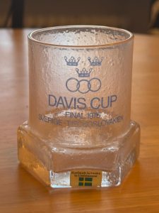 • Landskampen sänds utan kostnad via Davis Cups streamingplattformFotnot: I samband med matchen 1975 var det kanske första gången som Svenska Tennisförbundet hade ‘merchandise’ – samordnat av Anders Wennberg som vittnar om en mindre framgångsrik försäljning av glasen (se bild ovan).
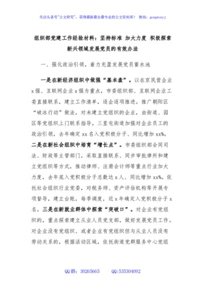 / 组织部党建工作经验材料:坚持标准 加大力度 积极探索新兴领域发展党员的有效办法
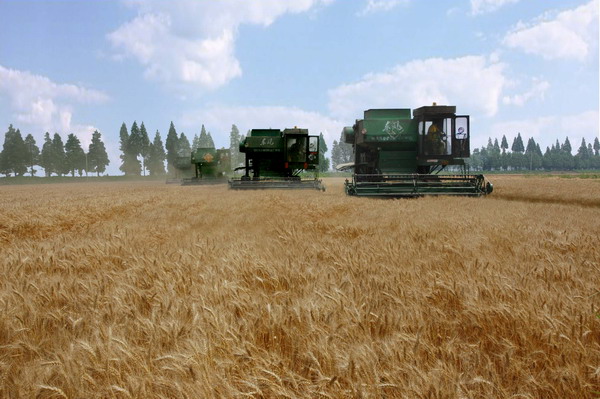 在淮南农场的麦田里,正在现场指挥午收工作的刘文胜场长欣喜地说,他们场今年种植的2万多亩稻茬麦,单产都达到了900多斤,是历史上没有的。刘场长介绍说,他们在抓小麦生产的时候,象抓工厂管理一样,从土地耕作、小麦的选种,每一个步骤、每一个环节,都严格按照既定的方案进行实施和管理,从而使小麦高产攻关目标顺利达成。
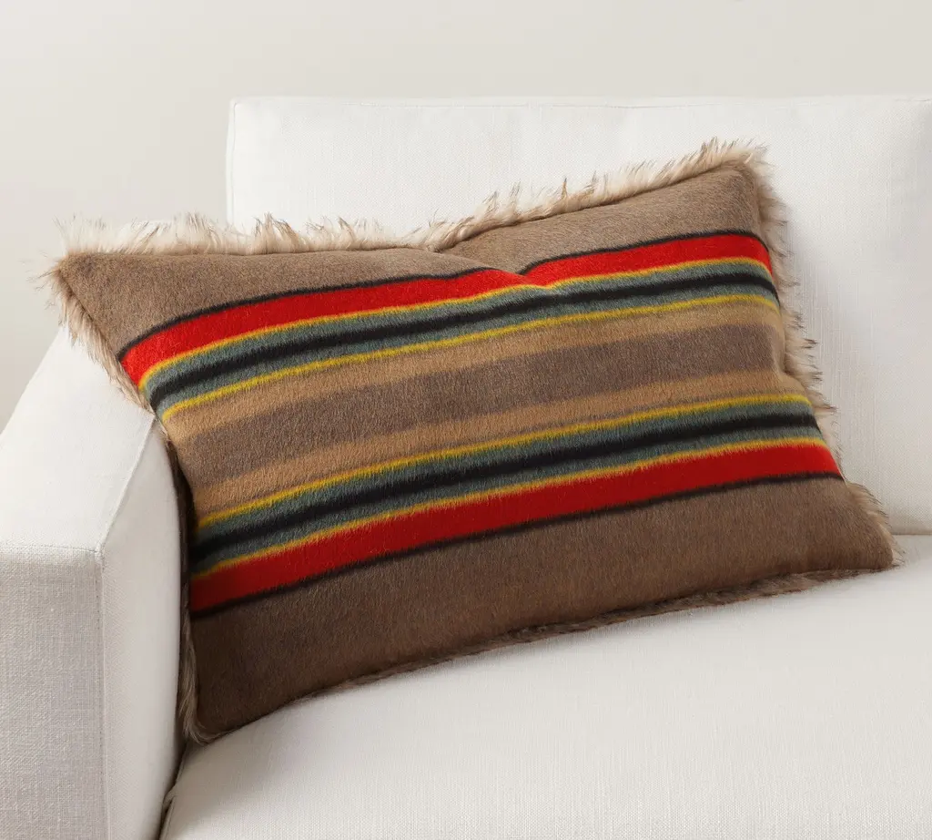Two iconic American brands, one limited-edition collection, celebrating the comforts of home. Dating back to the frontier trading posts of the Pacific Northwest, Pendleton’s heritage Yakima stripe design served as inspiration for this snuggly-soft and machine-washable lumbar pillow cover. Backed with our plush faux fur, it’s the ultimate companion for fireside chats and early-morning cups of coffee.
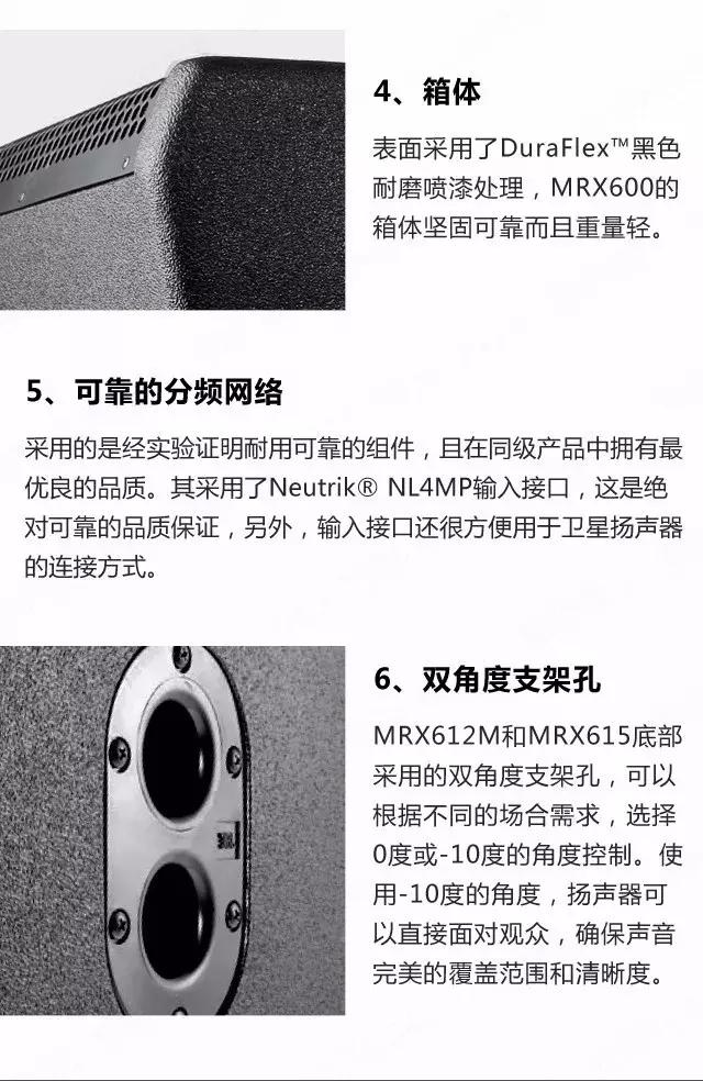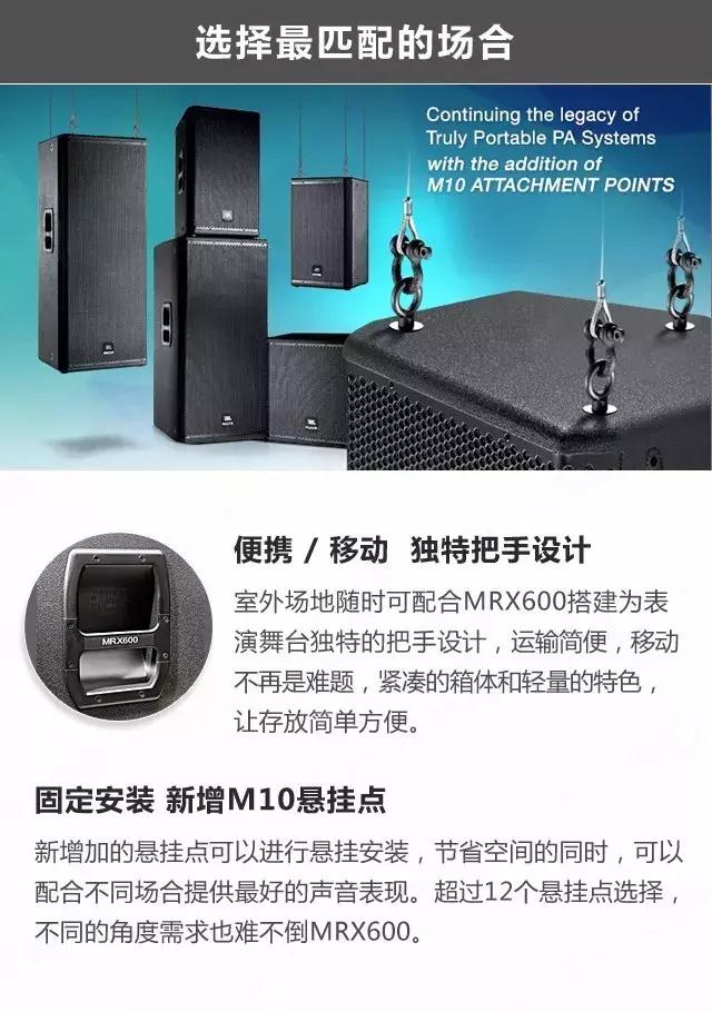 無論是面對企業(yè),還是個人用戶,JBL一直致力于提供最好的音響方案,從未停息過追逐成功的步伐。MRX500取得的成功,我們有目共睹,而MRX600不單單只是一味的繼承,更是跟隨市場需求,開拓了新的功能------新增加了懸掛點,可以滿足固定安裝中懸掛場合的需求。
--- --- ---
▶ [What needs to be done]: Set down word for word the lines from the opening of the entries above through the line that contains "组织部党建工作经验材料:坚持标准 加大力度 积极探索新兴领域发展党员的有效办法", and omit every picture.

▶ [Expected output]:
 • Landskampen sänds utan kostnad via Davis Cups streamingplattformFotnot: I samband med matchen 1975 var det kanske första gången som Svenska Tennisförbundet hade ‘merchandise’ – samordnat av Anders Wennberg som vittnar om en mindre framgångsrik försäljning av glasen (se bild ovan).
 / 组织部党建工作经验材料:坚持标准 加大力度 积极探索新兴领域发展党员的有效办法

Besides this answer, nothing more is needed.